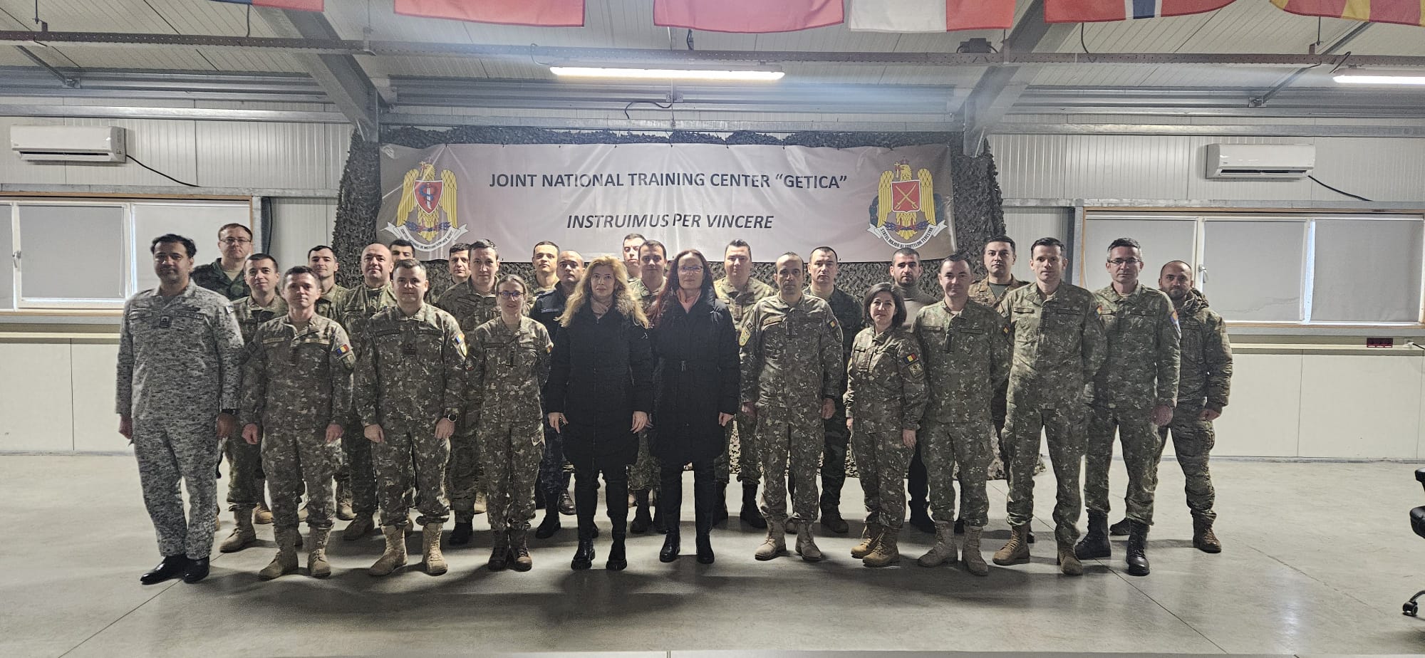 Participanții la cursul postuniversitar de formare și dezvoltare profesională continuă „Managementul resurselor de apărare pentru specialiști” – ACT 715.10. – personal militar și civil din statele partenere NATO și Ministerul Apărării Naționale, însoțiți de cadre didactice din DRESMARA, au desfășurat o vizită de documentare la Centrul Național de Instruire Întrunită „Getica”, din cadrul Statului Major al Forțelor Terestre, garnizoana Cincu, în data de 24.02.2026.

____

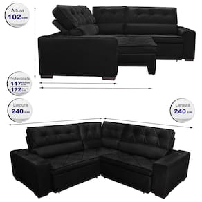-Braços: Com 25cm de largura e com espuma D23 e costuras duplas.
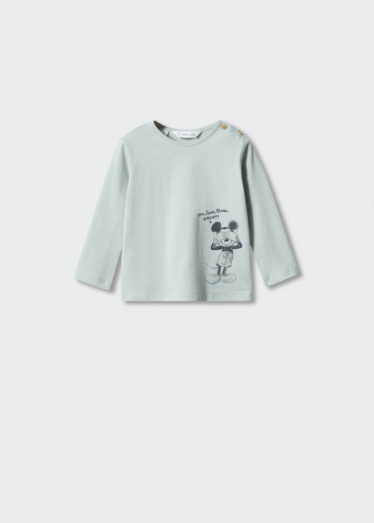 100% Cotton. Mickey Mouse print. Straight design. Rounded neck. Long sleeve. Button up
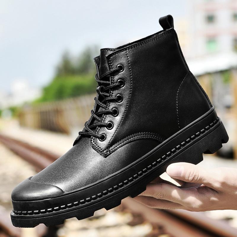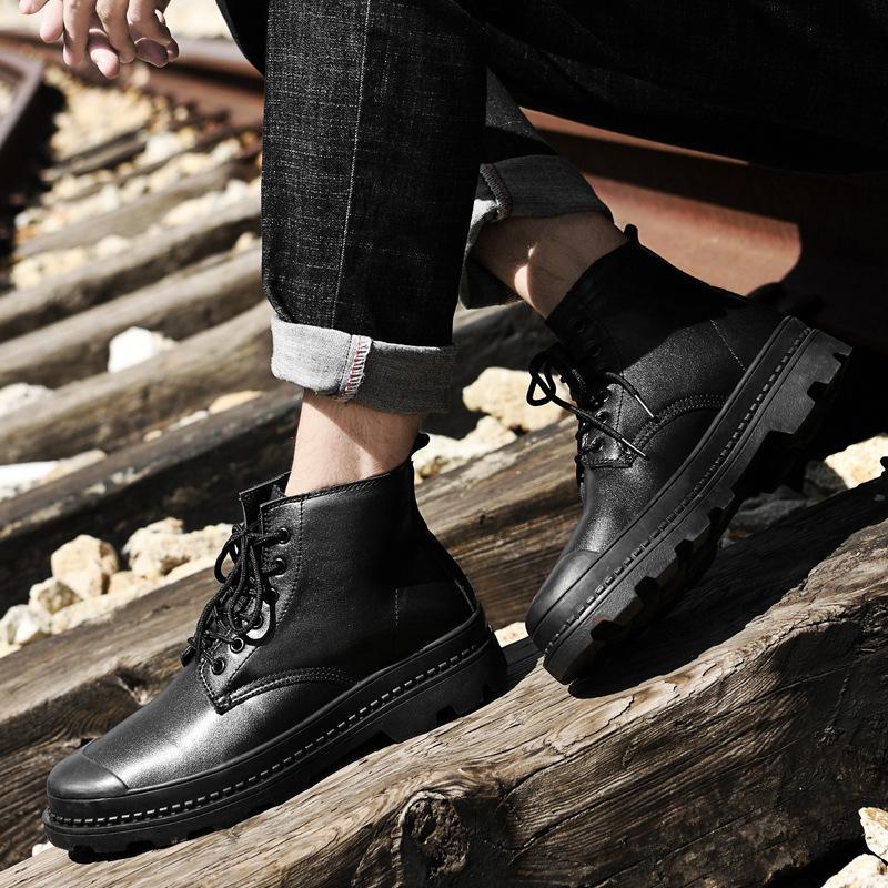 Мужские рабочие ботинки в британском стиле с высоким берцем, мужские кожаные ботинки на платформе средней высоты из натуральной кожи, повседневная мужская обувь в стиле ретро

____

(Exercise directions):
With pictures excluded, reproduce exactly the lines above from the one containing "100% Cotton. Mickey" down to the one containing "Мужские рабочие ботинки", those two included.

(Output below):
 100% Cotton. Mickey Mouse print. Straight design. Rounded neck. Long sleeve. Button up
 Мужские рабочие ботинки в британском стиле с высоким берцем, мужские кожаные ботинки на платформе средней высоты из натуральной кожи, повседневная мужская обувь в стиле ретро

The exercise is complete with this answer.